Topic 10: Theory of Transformers and Modern Architectures¶
This module explores the theoretical foundations of the Transformer architecture, which has become the backbone of modern large language models (LLMs). We move beyond simple architecture descriptions to analyze Transformers through the lenses of kernel methods, optimization theory, and mechanistic interpretability.
📁 Module Structure¶
- LECTURE.md: Deep dive into the mathematical framework of attention, In-Context Learning (ICL) as implicit optimization, and neural scaling laws.
- PRACTICE.md: Theoretical exercises ranging from permutation equivariance proofs to deriving softmax variance, plus hands-on coding tasks.
- PROJECT.md: A guide to reverse-engineering Transformer circuits or verifying the "ICL as Gradient Descent" hypothesis using synthetic datasets.
🎯 Learning Objectives¶
- Mathematical Foundation: Understand the self-attention mechanism as a learned, non-parametric kernel smoother.

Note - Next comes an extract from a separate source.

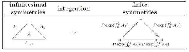 All this is captured by saying that there is a smooth simplicial presheaf ##\exp(\mathfrak{g})## which assigns to an abstract coordinate chart ##U## and a simplicial degree ##k## the set of flat vertical ##\mathfrak{g}##-valued 1-forms on ##U \times \Delta^k##:
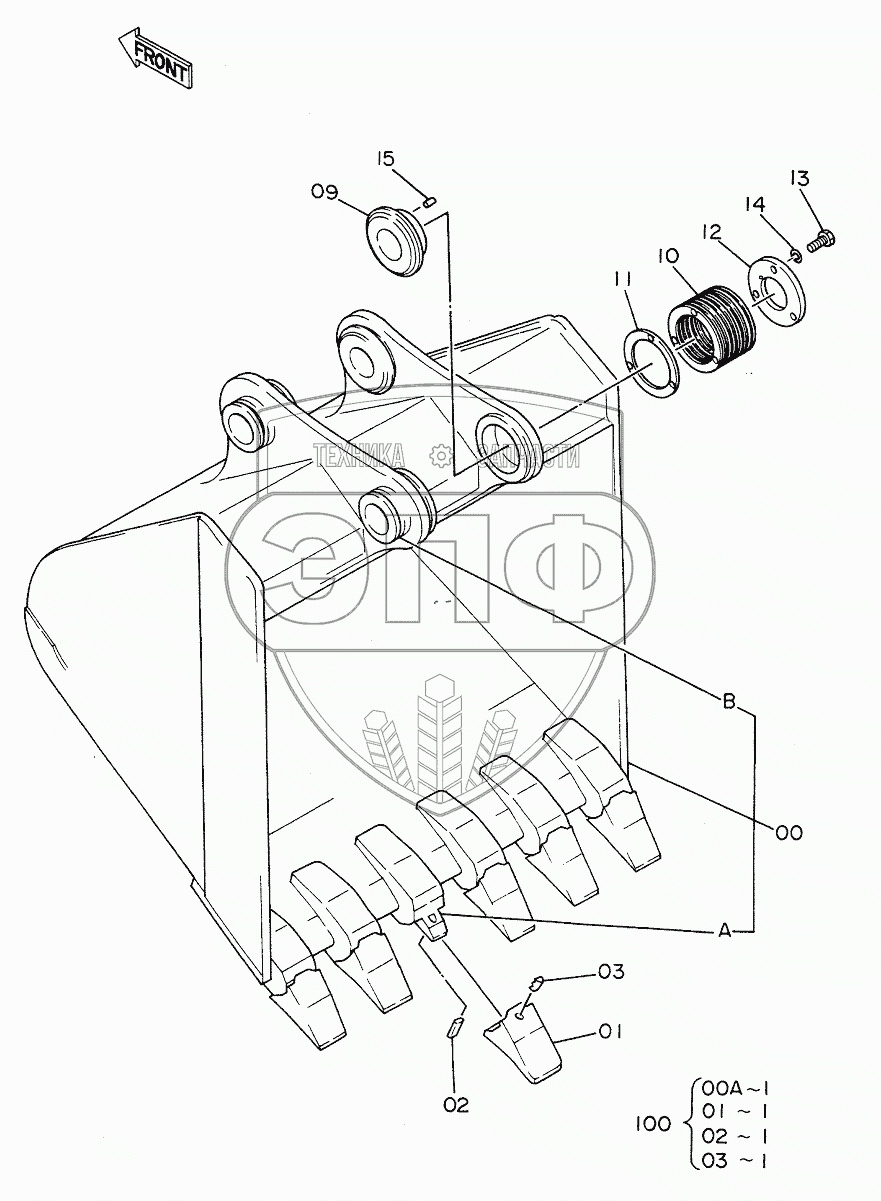 Каталог запасных частей к технике: Hitachi EX-200. BUCKET 1.0

- Emergent Behavior: Formalize the hypothesis of In-Context Learning as an implicit implementation of optimization algorithms.
- Efficiency and Scaling: Analyze the theoretical limits of attention (rank collapse) and the empirical power laws governing model scaling.
- Interpretability: Learn the methodology for identifying functional "circuits" within high-dimensional weight matrices.
📚 Key References¶
- Attention Foundation: Vaswani et al. (2017), Attention is All You Need.
- Scaling Laws: Kaplan et al. (2020), Scaling Laws for Neural Language Models.
- Transformer Circuits: Elhage et al. (2021), A Mathematical Framework for Transformer Circuits.
- ICL Theory: Von Oswald et al. (2023), Transformers learn in-context by gradient descent.